**What the task asks**
Make a verbatim copy of all the records. Skip every image.
○ ○ ○ ○ ○
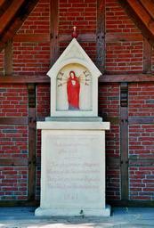 Keywords: Uffeln Betstock Nordbahnstrasse 3.jpg en Wayside shrine Our Lady of the Seven Sorrows Nordbahnstraße in Ibbenbüren-Uffeln Kreis Steinfurt North Rhine-Westphalia Germany It is a listed cultural heritage monument de Betstock an der Nordbahnstraße in Ibbenbüren-Uffeln Kreis Steinfurt Nordrhein-Westfalen Deutschland Der in einem kleinen Fachwerk-Bethäuschen untergebrachte Bildstock befindet sich direkt hinter dem Gleis der Tecklenburger Nordbahn vor dem Gelände des Landgasthofes Mutter Bahr und wird von der Familie Bahr gepflegt und instandgehalten Die Inschriften H Bahr 1 5 1839 und Thers Huntemann 1 5 1839 weisen auf die Stifter hin Daher wird der Betstock auf das Jahr 1839 datiert obwohl im Sockel die Jahreszahl 1861 eingehauen ist Der Sockel aus Sandstein enthält zudem die Inschriften Ein Schwert wird deine eigene/ Seele durchdringen oben und darunter O Jungfrau weinend flehen wir/ wenn einst der Tod uns ruft von hier/ bring Trost uns dann in Angst und Not/ und Hilfe wo Verderben droht Der Aufsatz des Bildstocks zeigt eine Mater-dolorosa-Darstellung Die sieben Schmerzen Mariens Das žObjekt der Volksfrömmigkeit steht seit 1985 komplett unter Denkmalschutz Ibbenbüren A 022 own J -H Janßen 2012-05-26 Betstock žDie sieben Schmerzen Mariens Uffeln Timber framing in Ibbenbüren German inscriptions in Germany Ibbenburen-Uffeln 2012 in Ibbenbüren 20120526 Ibbenburen-Uffeln May 2012 in Germany 20120526 Ibbenburen-Uffeln Bilder von J -H Janßen Cc-zero |
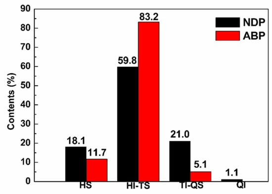 Solubility parameter (n-hexane soluble (HS), n-hexane insoluble and toluene soluble (HI-TS), toluene insoluble and quinoline soluble (TI-QS), and quinoline insoluble (QI)) of the NDP and the ABP.
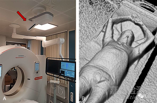 三維相機(箭頭)放置在 CT 檢查床的上方(A)。使用三維深度相機獲得的患者三維表面圖像(B)。
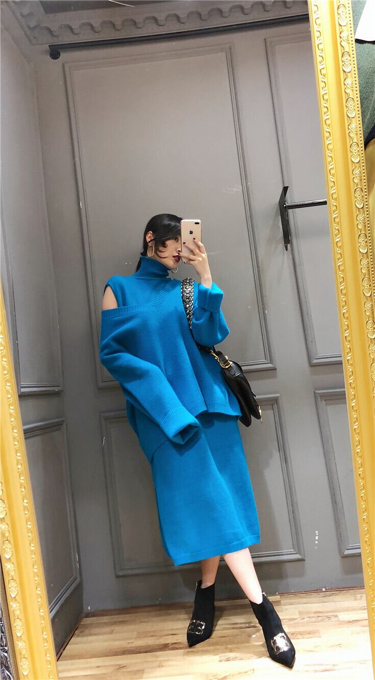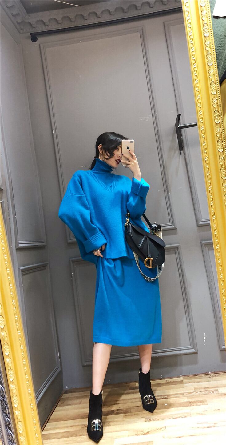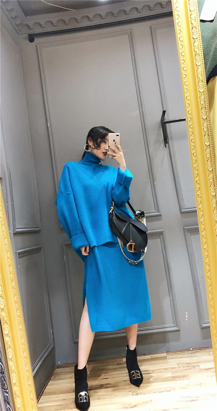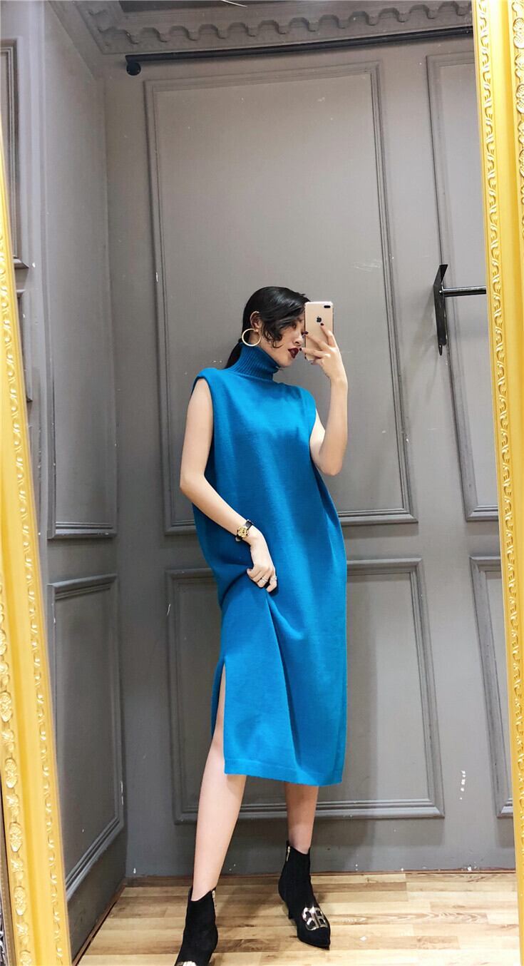 日本未発売【セットアップ】ハイネック ノースリーブニットワンピース+Vネックセーター. ニットアップ ツーピース. ニット セーター ニットワンピ a3857
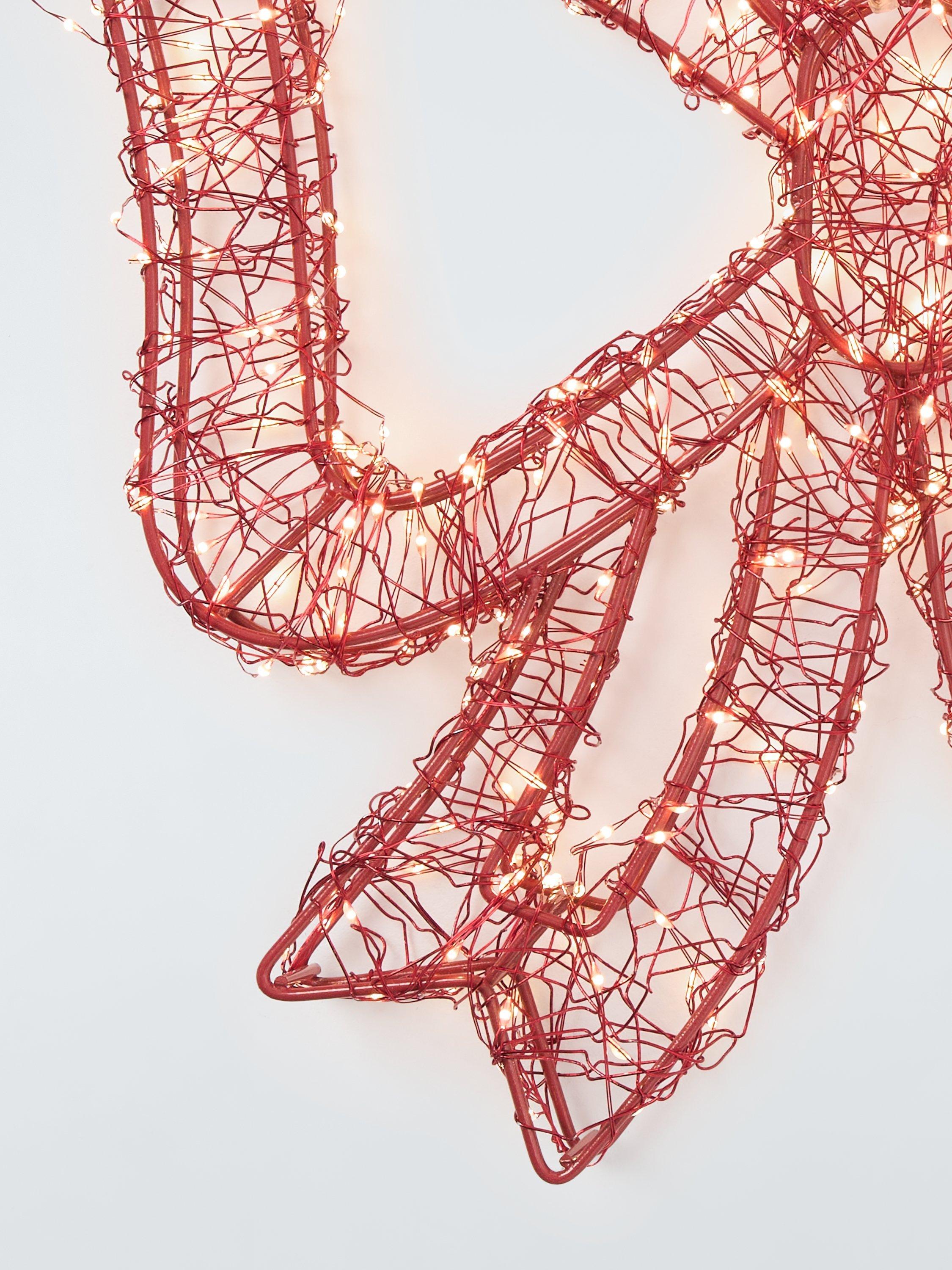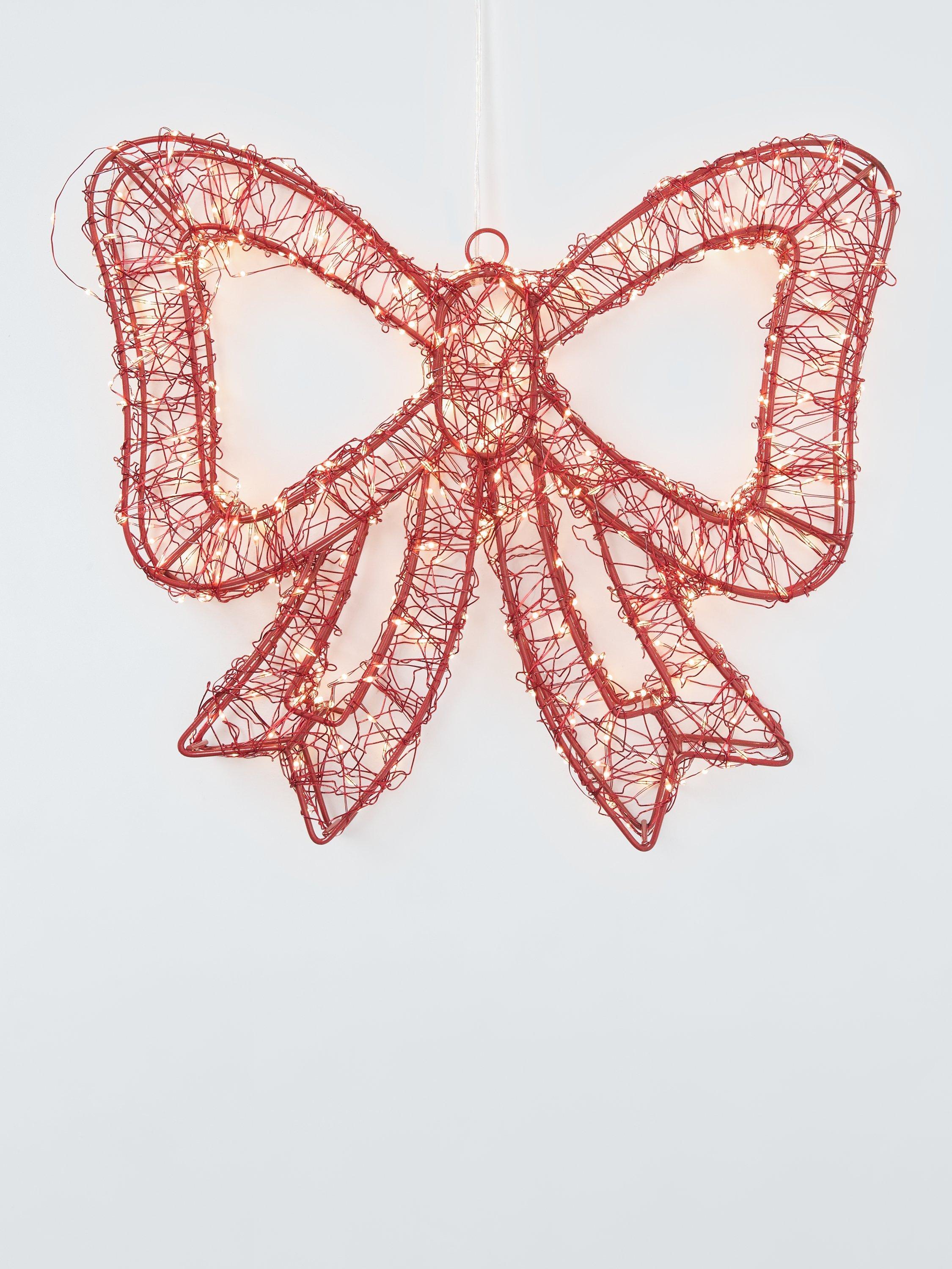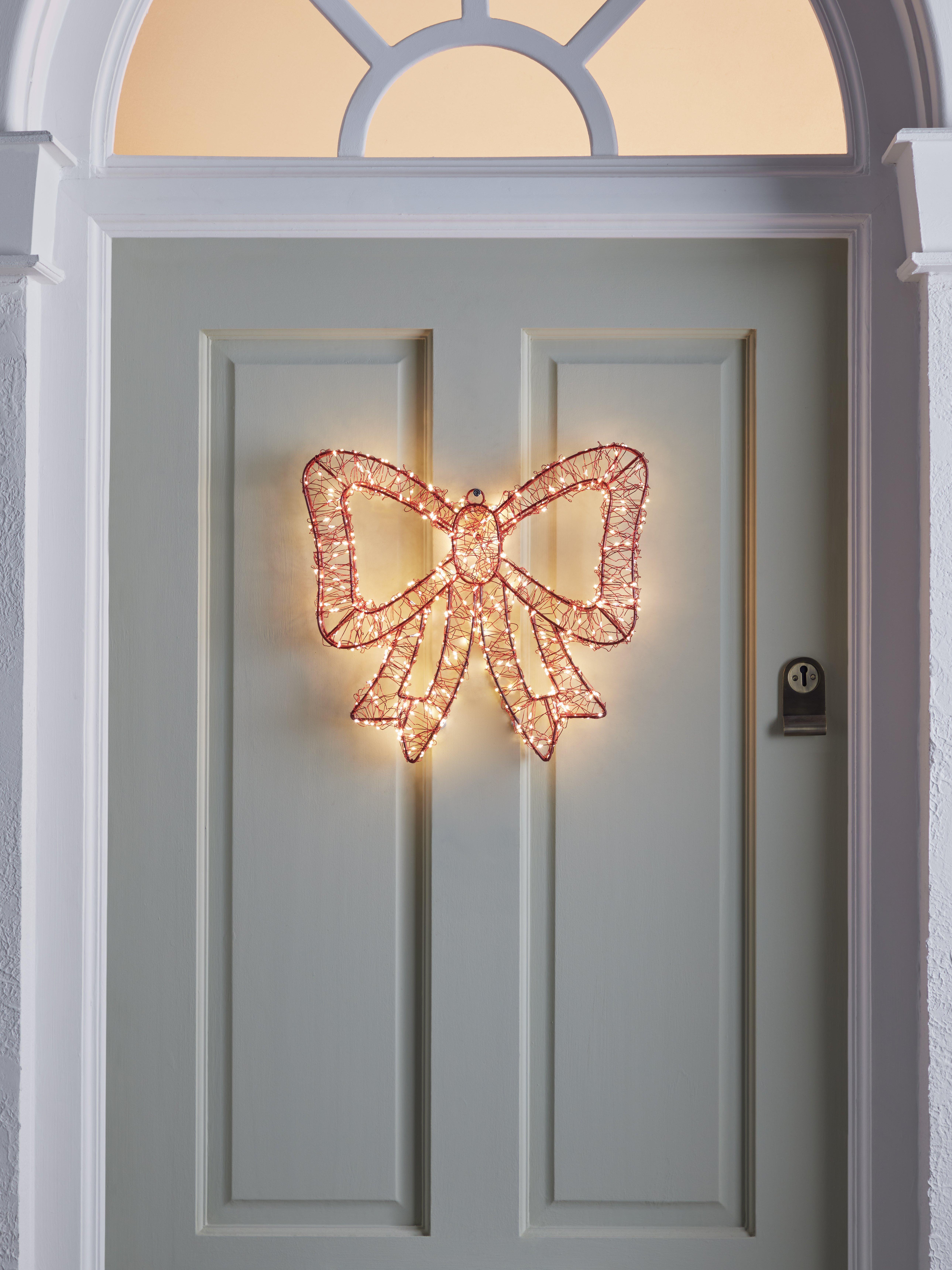 Fitted with 500 static micro LEDs in classic warm white, this wire framed bow can be used freestanding or hung on your door as a great alternative to a Christmas wreath.
○ ○ ○ ○ ○
**Answer box**
 Keywords: Uffeln Betstock Nordbahnstrasse 3.jpg en Wayside shrine Our Lady of the Seven Sorrows Nordbahnstraße in Ibbenbüren-Uffeln Kreis Steinfurt North Rhine-Westphalia Germany It is a listed cultural heritage monument de Betstock an der Nordbahnstraße in Ibbenbüren-Uffeln Kreis Steinfurt Nordrhein-Westfalen Deutschland Der in einem kleinen Fachwerk-Bethäuschen untergebrachte Bildstock befindet sich direkt hinter dem Gleis der Tecklenburger Nordbahn vor dem Gelände des Landgasthofes Mutter Bahr und wird von der Familie Bahr gepflegt und instandgehalten Die Inschriften H Bahr 1 5 1839 und Thers Huntemann 1 5 1839 weisen auf die Stifter hin Daher wird der Betstock auf das Jahr 1839 datiert obwohl im Sockel die Jahreszahl 1861 eingehauen ist Der Sockel aus Sandstein enthält zudem die Inschriften Ein Schwert wird deine eigene/ Seele durchdringen oben und darunter O Jungfrau weinend flehen wir/ wenn einst der Tod uns ruft von hier/ bring Trost uns dann in Angst und Not/ und Hilfe wo Verderben droht Der Aufsatz des Bildstocks zeigt eine Mater-dolorosa-Darstellung Die sieben Schmerzen Mariens Das žObjekt der Volksfrömmigkeit steht seit 1985 komplett unter Denkmalschutz Ibbenbüren A 022 own J -H Janßen 2012-05-26 Betstock žDie sieben Schmerzen Mariens Uffeln Timber framing in Ibbenbüren German inscriptions in Germany Ibbenburen-Uffeln 2012 in Ibbenbüren 20120526 Ibbenburen-Uffeln May 2012 in Germany 20120526 Ibbenburen-Uffeln Bilder von J -H Janßen Cc-zero |
 Solubility parameter (n-hexane soluble (HS), n-hexane insoluble and toluene soluble (HI-TS), toluene insoluble and quinoline soluble (TI-QS), and quinoline insoluble (QI)) of the NDP and the ABP.
 三維相機(箭頭)放置在 CT 檢查床的上方(A)。使用三維深度相機獲得的患者三維表面圖像(B)。
 日本未発売【セットアップ】ハイネック ノースリーブニットワンピース+Vネックセーター. ニットアップ ツーピース. ニット セーター ニットワンピ a3857
 Fitted with 500 static micro LEDs in classic warm white, this wire framed bow can be used freestanding or hung on your door as a great alternative to a Christmas wreath.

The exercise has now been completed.